President, Beth Israel Medical Center
New York, New York

click here for further reading & other web resources for methadone

read an interview with Dr. Newman in the July 24, 1998 edition of The Week Online

 

Contents

 

 

Introduction

In early June of this year, a New York Times article quoted my distinguished colleague and fellow panelist here in Florence, Professor Herbert Kleber, as referring to a cartoon about Humpty Dumpty. (The cartoon appeared originally in The New Yorker, July 24, 1978.) As every child in the United States knows, Humpty Dumpty was a big egg - one that "…sat on a wall and had a great fall." The nursery rhyme culminates in the unhappy observation: "All the King's horses and all the King's men couldn't put Humpty together again." In the cartoon, the King is telling his ministers: "This simply proves to me that I must have more horses and more men!" In the so-called "war against drugs" in America, that pretty well describes the conclusion which has been drawn from our past failures.

New York City has an estimated 250,000 intravenous heroin addicts. The funded capacity of methadone programs available to serve this population is 33,000; the programs are filled. Drug-free residential programs have a capacity of about 6,000; they too are filled. These figures, in a nutshell, summarize the failure to deal with heroin addiction in New York.

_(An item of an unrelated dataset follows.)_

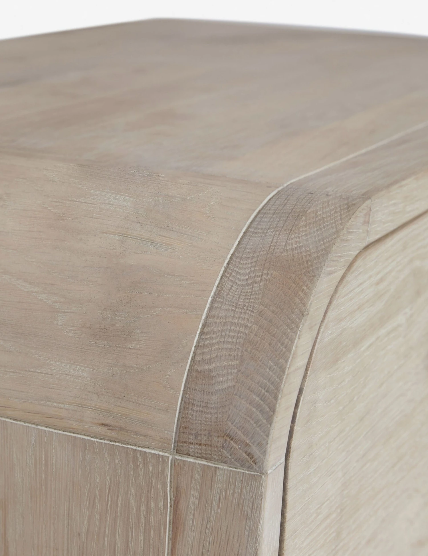The refined finish of this dresser appealingly compliments the arched corners of its understated design. It is fitted with sleek iron pulls and three roomy drawers to offer storage and style in equal measure. Pair this oak wood dresser with minimal accents for refined visual appeal.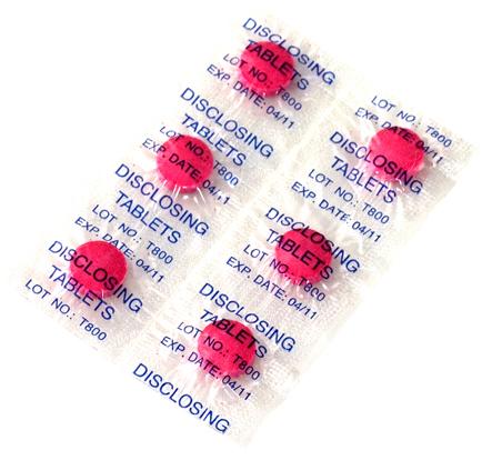 – مضغع اقراص كاشفات البلاك وهى موجودة فى الصيدليات حيث بعد مضغ قرص مثل العلكة وتحريكة جيدا بين الاسنان بمدة 30 ثانية سوف تظهر بقع حمراء على الاسنان فى اماكن وجوج بلاك الاسنان والتى تعرفك بوجود مناطق بلاك الاسنان ثم استعملى الفرشاة والمعجون مجددا فى تلك المناطق حتى تتخلصى من بلاك الاسنان .

New Yorkers take pride in the uniqueness of their City, and in many ways (both good and bad) New York indeed is without parallel. When it comes to inadequacy of addiction treatment capacity, however, New York has plenty of company. A wide gap between the need for addiction treatment and its availability is the rule rather than the exception in major urban centers throughout the world.

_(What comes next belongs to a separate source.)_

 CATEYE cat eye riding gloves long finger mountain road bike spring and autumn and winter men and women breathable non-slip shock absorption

From a humanitarian standpoint, this situation is shameful; from the perspective of societal self-interest, it is suicidal.

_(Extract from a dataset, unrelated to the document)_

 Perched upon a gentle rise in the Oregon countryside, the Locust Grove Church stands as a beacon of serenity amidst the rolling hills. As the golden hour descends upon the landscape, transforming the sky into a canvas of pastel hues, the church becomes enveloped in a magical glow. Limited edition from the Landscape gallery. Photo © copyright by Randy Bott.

Denying treatment to large numbers of individuals who engage in behavior that is potentially lethal to themselves and is associated with staggering costs to the general community is simply insane!

Such harsh criticism applies because we know addiction treatment is effective, and that it can be implemented promptly and on a massive scale. These attributes - demonstrated effectiveness and ability to expand rapidly - apply particularly to methadone maintenance. While all therapeutic efforts which offer help and hope to addicts have a legitimate claim to public support, methadone treatment is in a class by itself.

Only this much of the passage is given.